**AVAILABLE DATA**

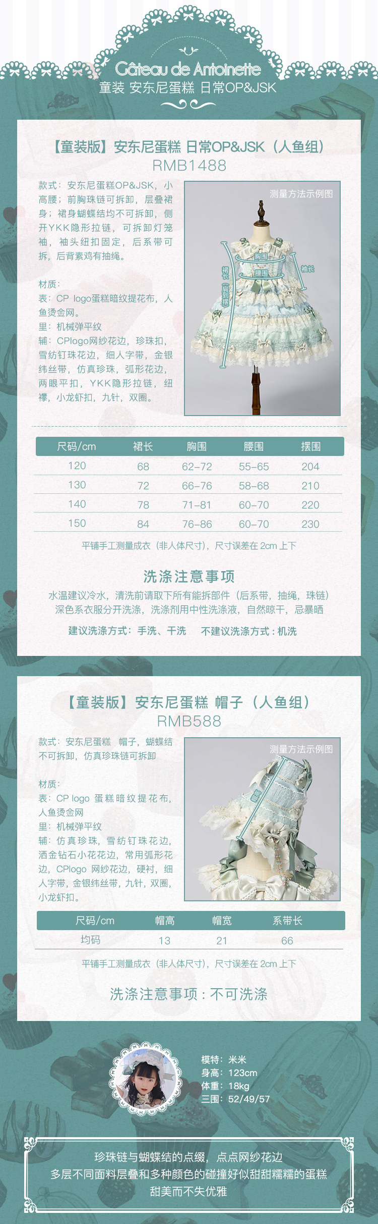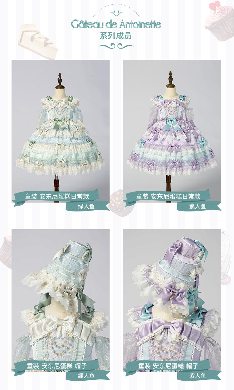 【再贩,全款预售】童装 安东尼蛋糕日常OP 绿人鱼/紫人鱼 古典玩偶 Lolita
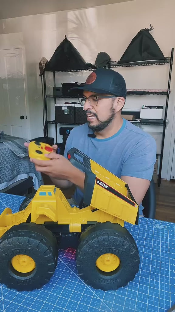 - This durable RC truck also comes with 4-in-1 monster action–including motorized hauling and dumping, kid-powered front plowing, and epic, 360° monster stunts guaranteed to impress your friends
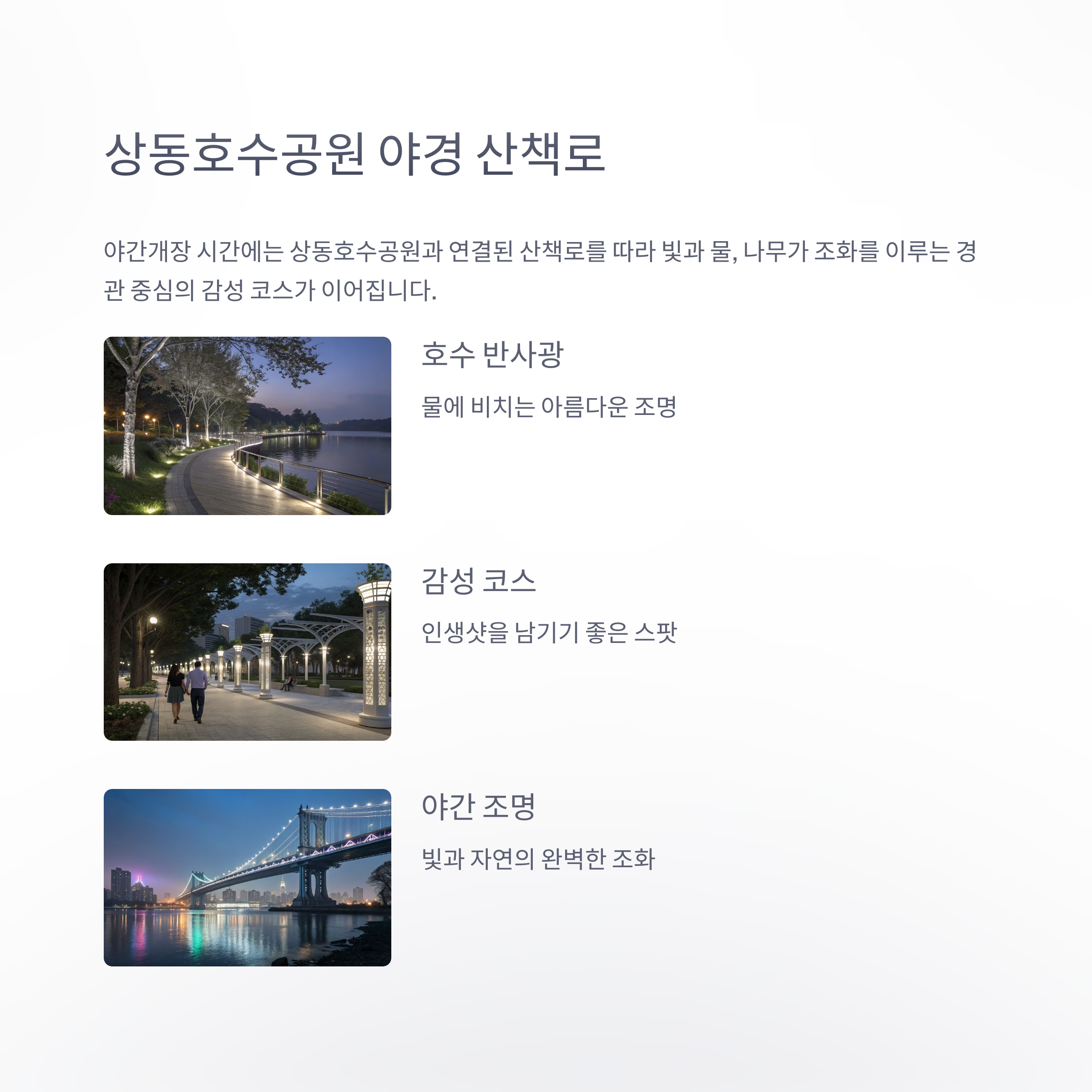 빛과 물, 나무가 조화를 이루는 경관 중심의 감성 코스가 이어집니다.

**HOW TO COMPLETE THIS TASK**
Before copying the data, remove the pictures. Then repeat the rest exactly.

**EXERCISE OUTPUT**
 【再贩,全款预售】童装 安东尼蛋糕日常OP 绿人鱼/紫人鱼 古典玩偶 Lolita
 - This durable RC truck also comes with 4-in-1 monster action–including motorized hauling and dumping, kid-powered front plowing, and epic, 360° monster stunts guaranteed to impress your friends
 빛과 물, 나무가 조화를 이루는 경관 중심의 감성 코스가 이어집니다.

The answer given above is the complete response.